Malala Yousafzai on Supporting Riz Ahmed’s Pillars Artist Fellowship for Muslim Representation on Screen

Alongside her work through Extracurricular and Malala Fund, Yousafzai is throwing her weight behind Pillars Artist Fellowship, which supports emerging Muslim directors and screenwriters.

The program is timely, given shocking new data from the USC Annenberg Inclusion Initiative that reveals Muslims comprised only 1.1% of characters in popular television series from 2018 to 2019, despite making up 25% of the world’s population.

Set up last year by Pillars Fund and actor-producer Riz Ahmed and his production company, Left Handed Films, the fellowship provides an unrestricted grant of $25,000 to 10 recipients a year. It also offers one-on-one mentorship, professional development and access to an advisory committee of leading figures such as “Ms.
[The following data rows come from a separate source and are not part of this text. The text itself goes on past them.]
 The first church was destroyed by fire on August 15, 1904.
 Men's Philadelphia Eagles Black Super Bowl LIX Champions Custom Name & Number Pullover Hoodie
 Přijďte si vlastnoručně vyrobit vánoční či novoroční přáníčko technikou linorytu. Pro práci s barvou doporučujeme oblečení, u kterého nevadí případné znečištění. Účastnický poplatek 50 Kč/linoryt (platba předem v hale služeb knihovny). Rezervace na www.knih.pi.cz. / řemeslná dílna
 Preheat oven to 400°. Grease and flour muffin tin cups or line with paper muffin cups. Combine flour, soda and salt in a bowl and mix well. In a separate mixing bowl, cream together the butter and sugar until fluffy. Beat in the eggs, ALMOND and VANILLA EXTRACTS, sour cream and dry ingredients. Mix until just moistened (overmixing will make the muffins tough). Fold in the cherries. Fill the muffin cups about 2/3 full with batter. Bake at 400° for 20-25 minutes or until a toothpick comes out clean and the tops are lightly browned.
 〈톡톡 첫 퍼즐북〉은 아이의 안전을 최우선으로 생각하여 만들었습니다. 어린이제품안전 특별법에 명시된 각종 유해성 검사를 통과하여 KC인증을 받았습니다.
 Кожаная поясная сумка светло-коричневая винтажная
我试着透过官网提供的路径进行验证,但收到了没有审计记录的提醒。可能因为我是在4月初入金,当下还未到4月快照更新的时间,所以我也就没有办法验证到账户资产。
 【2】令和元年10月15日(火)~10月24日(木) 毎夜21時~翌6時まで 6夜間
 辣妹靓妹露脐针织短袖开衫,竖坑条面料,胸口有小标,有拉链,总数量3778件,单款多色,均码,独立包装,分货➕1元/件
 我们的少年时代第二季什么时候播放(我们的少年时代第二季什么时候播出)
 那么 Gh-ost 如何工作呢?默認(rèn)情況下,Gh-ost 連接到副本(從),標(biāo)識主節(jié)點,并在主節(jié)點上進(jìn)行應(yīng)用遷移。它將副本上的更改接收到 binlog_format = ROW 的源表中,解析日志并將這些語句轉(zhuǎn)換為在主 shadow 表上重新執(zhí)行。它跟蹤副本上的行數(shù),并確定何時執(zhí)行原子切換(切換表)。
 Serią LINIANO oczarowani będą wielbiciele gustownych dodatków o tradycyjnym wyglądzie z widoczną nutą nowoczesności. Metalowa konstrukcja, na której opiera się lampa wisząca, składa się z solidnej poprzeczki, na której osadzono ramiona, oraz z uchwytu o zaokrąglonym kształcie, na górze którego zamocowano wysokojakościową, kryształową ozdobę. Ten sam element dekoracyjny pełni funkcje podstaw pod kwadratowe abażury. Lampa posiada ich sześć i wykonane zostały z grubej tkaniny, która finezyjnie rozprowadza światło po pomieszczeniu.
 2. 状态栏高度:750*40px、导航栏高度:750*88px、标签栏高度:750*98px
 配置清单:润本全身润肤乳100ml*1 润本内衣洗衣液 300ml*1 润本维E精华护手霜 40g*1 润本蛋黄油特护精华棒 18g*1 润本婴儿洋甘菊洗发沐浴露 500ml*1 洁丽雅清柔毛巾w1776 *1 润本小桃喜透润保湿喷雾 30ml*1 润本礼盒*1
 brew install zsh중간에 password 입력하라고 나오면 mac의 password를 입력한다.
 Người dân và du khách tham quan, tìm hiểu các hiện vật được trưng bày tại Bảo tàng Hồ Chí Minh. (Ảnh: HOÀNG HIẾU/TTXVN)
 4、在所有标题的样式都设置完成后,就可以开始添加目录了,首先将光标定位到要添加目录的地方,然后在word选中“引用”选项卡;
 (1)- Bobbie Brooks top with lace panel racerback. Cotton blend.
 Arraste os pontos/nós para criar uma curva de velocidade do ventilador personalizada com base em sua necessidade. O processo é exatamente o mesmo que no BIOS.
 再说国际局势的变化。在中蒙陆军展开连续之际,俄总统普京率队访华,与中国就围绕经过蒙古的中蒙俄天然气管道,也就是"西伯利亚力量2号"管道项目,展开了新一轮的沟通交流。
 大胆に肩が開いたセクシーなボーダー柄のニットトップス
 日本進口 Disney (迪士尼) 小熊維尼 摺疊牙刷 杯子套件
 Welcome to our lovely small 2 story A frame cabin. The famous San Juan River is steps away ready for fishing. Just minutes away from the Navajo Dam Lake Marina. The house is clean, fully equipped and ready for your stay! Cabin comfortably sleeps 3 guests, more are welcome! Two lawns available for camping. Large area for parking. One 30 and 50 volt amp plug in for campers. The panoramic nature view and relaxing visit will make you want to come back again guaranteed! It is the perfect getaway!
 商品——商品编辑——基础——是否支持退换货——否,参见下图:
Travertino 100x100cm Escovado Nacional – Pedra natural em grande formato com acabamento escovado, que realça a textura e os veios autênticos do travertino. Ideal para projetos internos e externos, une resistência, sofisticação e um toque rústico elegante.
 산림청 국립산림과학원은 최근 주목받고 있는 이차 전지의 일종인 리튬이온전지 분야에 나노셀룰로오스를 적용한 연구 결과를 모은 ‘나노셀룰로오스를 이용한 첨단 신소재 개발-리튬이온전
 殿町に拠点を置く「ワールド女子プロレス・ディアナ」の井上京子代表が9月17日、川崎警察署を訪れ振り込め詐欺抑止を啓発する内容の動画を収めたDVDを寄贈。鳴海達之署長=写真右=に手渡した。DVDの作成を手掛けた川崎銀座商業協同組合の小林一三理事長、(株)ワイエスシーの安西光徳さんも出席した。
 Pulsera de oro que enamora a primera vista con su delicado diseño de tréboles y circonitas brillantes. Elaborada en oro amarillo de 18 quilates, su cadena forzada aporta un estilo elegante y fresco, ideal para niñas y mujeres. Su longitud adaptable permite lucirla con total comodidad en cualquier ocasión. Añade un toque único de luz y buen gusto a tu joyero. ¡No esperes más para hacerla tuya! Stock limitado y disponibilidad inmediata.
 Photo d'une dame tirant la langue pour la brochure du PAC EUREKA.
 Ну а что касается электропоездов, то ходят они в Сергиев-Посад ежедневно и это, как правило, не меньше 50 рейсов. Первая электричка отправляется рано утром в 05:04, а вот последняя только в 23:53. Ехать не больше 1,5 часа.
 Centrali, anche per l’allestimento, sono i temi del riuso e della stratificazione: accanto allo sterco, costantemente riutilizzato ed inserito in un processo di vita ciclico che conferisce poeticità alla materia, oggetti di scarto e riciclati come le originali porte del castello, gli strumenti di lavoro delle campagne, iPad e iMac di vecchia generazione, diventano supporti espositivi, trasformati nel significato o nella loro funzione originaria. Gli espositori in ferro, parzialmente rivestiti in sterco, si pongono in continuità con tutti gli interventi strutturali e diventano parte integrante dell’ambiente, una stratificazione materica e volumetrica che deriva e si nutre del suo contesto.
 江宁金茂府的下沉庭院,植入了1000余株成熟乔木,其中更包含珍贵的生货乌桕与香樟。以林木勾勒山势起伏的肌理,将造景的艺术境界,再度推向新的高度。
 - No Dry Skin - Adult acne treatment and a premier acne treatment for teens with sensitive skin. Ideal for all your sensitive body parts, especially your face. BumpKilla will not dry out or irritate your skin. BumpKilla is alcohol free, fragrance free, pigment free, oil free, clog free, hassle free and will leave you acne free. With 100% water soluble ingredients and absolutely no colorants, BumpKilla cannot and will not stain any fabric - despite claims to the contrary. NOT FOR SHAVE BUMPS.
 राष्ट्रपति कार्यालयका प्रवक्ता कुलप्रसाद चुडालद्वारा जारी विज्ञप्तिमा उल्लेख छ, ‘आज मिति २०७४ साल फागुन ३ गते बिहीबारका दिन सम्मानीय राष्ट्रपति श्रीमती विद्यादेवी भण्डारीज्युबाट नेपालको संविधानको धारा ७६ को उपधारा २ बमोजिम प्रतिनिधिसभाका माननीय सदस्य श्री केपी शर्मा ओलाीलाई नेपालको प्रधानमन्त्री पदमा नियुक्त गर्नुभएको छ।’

Marvel” showrunner Bisha K. Ali and Mahershala Ali.

“The work that Riz is doing is incredible, to ensure that Muslim writers, directors, producers and actors — especially those who are in the early phase of their careers — get the opportunity and the support they need to ensure that their dream in this industry becomes true,” Yousafzai says.

She hopes, too, that Extracurricular can collaborate on film projects with Ahmed and others who are passionate about “stories that would often be declined or dismissed.”

“When you see these different characters, it gives you a better perspective of the world, and you challenge and unlearn as much as you learn new things,” Yousafzai adds.

Variety revealed Yousafzai’s first slate of Extracurricular projects for Apple TV+, which the young activist struck a multiyear programming pact with in 2021.

“You’re often told in Hollywood, implicitly or explicitly, that the characters are too young, too brown or too Muslim, or that if one show about a person of color is made, then that’s it — you don’t need to make another one. That needs to change,” Yousafzai said.

“I’m a woman, a Muslim, a Pashtun, a Pakistani and a person of color. And I watched ‘Succession,’ ‘Ted Lasso’ and ‘Severance,’ where the leads are white people — and especially a lot of white men. If we can watch those shows, then I think audiences should be able to watch shows that are made by people of color, and produced and directed by people of color, with people of color in the lead. That is possible, and I’m gonna make it happen.”